Okay. And then finally, I think that you had originally said you were baking in kind of Nielsen POS being down about 10% or so, if I'm remembering, in the second half. How are things actually tracking versus what you've figured into the plan, better or worse, about the same?
Yes. So on the last call, we actually assumed that Nielsen would be down 10% on an average basis throughout the back half of 2018. Obviously, in the last quarter, you've seen prints that are a little bit better than that. The only sort of assumption that we're pointing to, implicit in the guidance, is that Nielsen continues to be negative throughout the balance of the year. In fact, you may see it get a little bit worse just due to the timing of some merchandising programs, but that has been incorporated in the guidance we just reaffirmed today.
[Operator Instructions] Our next question comes from the line of Mark Astrachan from Stifel.
This is actually Claire Chamberlin on for Mark. A question is on skincare. Just you reiterated your excitement about skincare, which we definitely think makes sense, given the overall strengthening of the skincare market. But why have we seen some deceleration and traction of data? And are there any offsets in other channels like the test and also that you mentioned last call? And if so, what contributes to more success there versus track channel?
Hi, Claire. This is Tarang. So some of the confidence comes really in 2 fronts. So on the track channel piece, I may not be fully following other than kind of as I take a look our Target data, that looks quite strong, particularly as I look through kind of Magnetic Mask. At Walmart, we've had some out-of-stock issues on the sea of our kind of permanent display pieces. So I don't know if that's clouding kind of any of the skincare numbers. We have a few - fewer items we see on skincare than when they had in the skincare set.

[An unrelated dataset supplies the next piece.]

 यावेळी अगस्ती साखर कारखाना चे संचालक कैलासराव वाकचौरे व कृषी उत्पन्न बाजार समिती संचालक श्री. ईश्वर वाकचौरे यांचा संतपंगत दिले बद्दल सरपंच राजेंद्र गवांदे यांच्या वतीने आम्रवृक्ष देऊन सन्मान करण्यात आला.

But I can tell you, just because we've tested on the planograms, they're quite bullish on our skincare as well. And then outside of track channels, really, Ulta Beauty revenues. So we've been testing and we've been doing quite well with skincare and the subset of doors that we have tested in. And I think, a little bit later this year, they will make their decision on skincare. So overall, from a trend standpoint, particularly as we look even within our own direct channels, we see really strong results on skincare as we go forward.

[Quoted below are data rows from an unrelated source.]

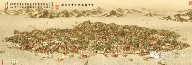 由程国文先生创作开发的《百年鼓浪屿手绘全景图》,再现的就是100年前后鼓浪屿发展最为繁荣时期的人文景观。这是讫今为止,首幅以鼓浪屿为背景完成的全景图。
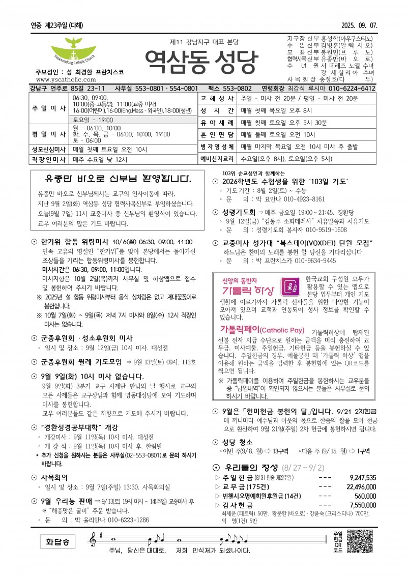 9월 7일(연중 제23주일) 본당 소식
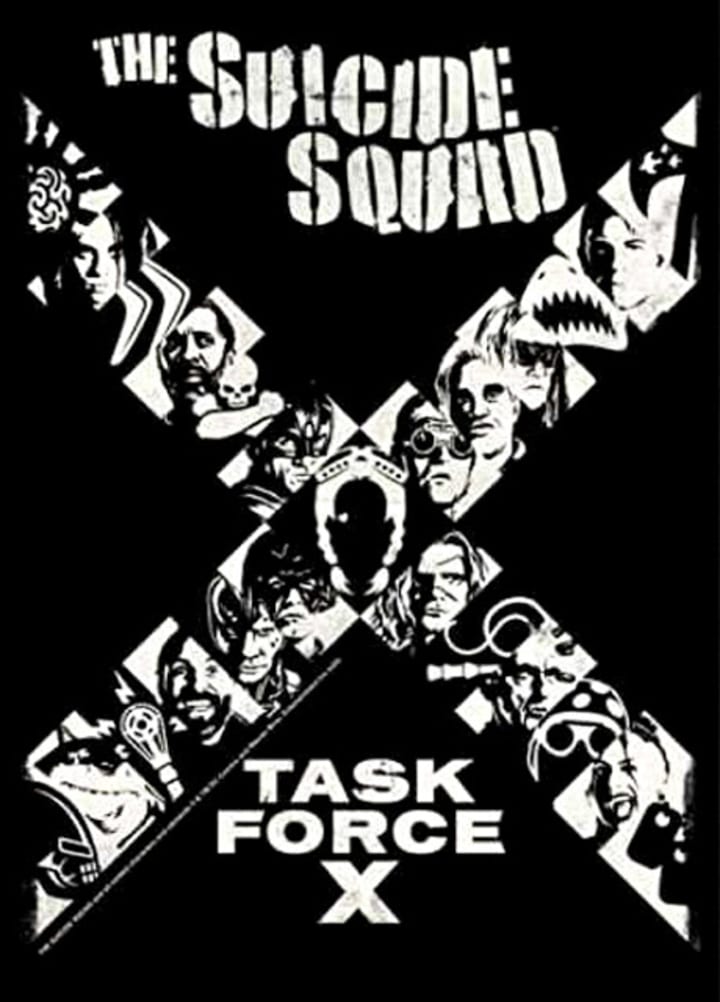 The first features the team's alternate name, Task Force X, with Harley Quinn front and center.
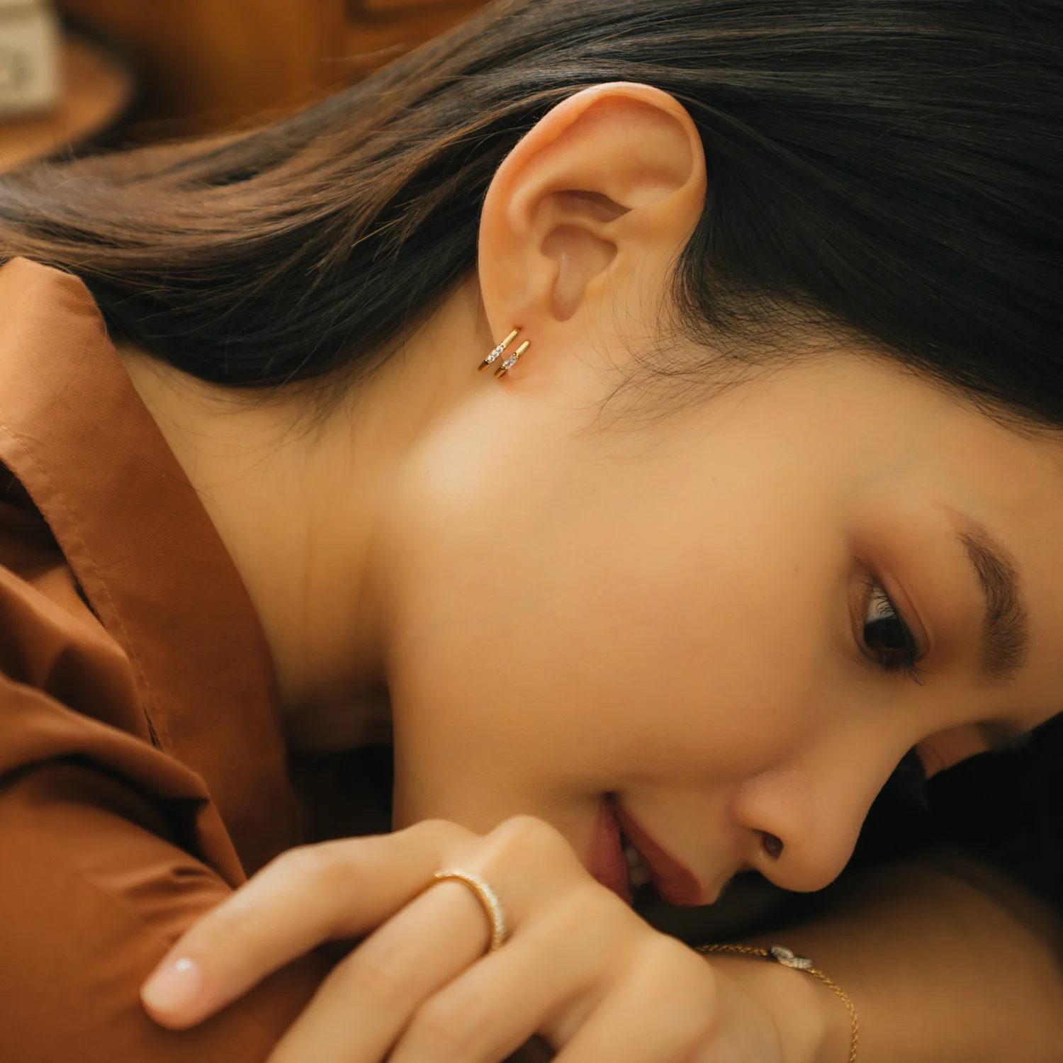 Double the huggies, double the fun! Add drama to your ear stack without the commitment with Reagan’s versatile set that hugs perfectly around your ears.
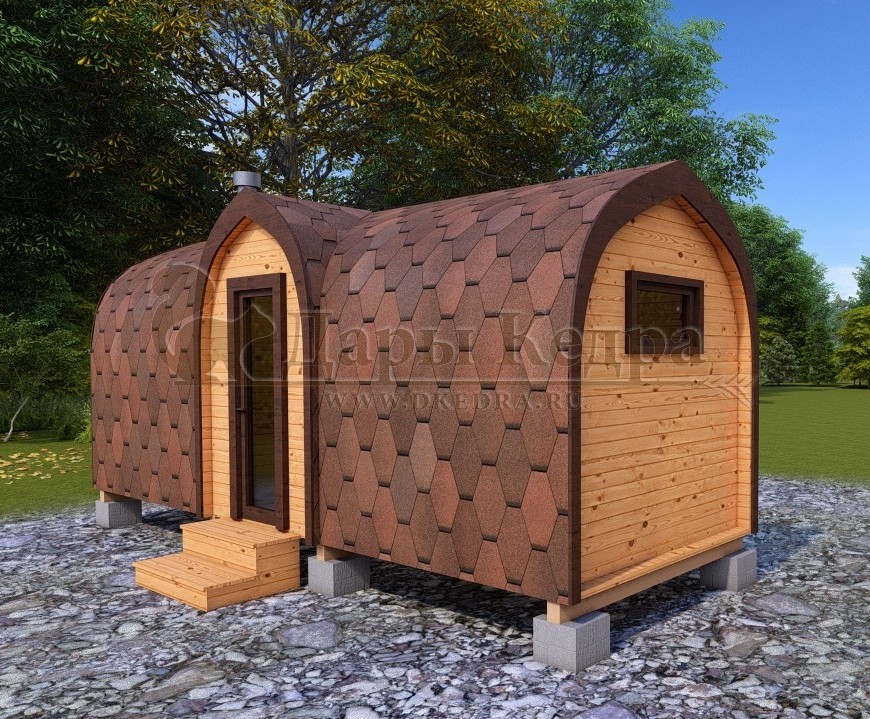 Баня-бочка круглая из кедра 2 метра Это изделие круглой вытянутой формы с одним парильным отделением. Внутреннее пространство включает в себя печь у дальней стены и лавки из кедра по обе стороны бани. За счет компактной формы баня нагревается в течение 30 минут. По вашему желанию ее можно укомплектовать козырьком, верандой и печью с внешней загрузкой, благодаря которой весь мусор после топки остается на улице. Круглая баня-бочка не требует полноценный фундамент, поэтому при необходимости ее можно перенести в другое место. Обращаем Ваше внимание, что в стандартную комплектацию бани входят лавки в парной с обеих сторон. Дополнительно можно заказать полок открытого или закрытого типа! Кедр обладает ароматическими свойствами. Он не деформируется и влагоустойчив, при правильном уходе за деревом на нем не развиваются грибки и плесень.

And then second, I always go back to kind of the core pipeline and the key item focus that I talked about earlier in terms of our ability to kind of drive that. Still very much very early days in skincare, and I would put our pipeline up against anyone else in some of the things that we see coming.
Ladies and gentlemen, we have reached the end of the question-and-answer session. And I would like to turn the call back to Tarang Amin for closing remarks.

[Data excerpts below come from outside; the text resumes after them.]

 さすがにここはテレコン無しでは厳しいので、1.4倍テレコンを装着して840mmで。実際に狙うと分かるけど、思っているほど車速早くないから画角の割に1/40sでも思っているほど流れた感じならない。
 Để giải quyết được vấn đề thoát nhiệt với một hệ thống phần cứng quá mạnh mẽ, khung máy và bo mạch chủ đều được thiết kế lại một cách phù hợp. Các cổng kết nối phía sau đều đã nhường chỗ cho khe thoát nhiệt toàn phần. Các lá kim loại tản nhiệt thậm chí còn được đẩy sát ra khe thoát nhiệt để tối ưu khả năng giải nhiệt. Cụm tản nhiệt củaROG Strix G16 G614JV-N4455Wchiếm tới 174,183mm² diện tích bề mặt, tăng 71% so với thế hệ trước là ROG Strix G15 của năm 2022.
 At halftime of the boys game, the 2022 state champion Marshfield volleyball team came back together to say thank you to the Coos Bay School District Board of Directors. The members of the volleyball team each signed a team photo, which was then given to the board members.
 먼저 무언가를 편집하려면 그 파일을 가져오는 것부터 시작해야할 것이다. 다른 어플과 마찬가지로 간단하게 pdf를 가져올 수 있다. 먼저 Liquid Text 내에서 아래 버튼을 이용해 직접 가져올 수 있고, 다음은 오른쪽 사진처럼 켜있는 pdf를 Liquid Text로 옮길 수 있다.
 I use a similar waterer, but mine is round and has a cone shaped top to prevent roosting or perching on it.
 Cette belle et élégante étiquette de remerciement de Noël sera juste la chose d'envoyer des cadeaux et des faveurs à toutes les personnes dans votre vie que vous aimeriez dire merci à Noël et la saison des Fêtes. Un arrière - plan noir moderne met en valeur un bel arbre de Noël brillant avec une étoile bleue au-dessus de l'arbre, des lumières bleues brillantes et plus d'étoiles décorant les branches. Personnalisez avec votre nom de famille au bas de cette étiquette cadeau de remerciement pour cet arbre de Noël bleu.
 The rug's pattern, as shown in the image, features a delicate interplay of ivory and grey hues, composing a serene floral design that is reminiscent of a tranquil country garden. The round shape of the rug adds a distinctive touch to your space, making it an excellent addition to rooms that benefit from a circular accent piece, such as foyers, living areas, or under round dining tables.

Well, thanks again for joining us. We're aggressively focused on initiatives to drive growth in the business in our comps and in our outlook for the remainder of the year. We look forward to updating you on our next call, on our initiatives to invest more in the brand, integrate efforts behind the - our key items and improve our retail assortments of Project Unicorn. Thanks, and we'll see you next quarter.
This concludes today's conference. You may disconnect your lines at this time. Thank you for your participation.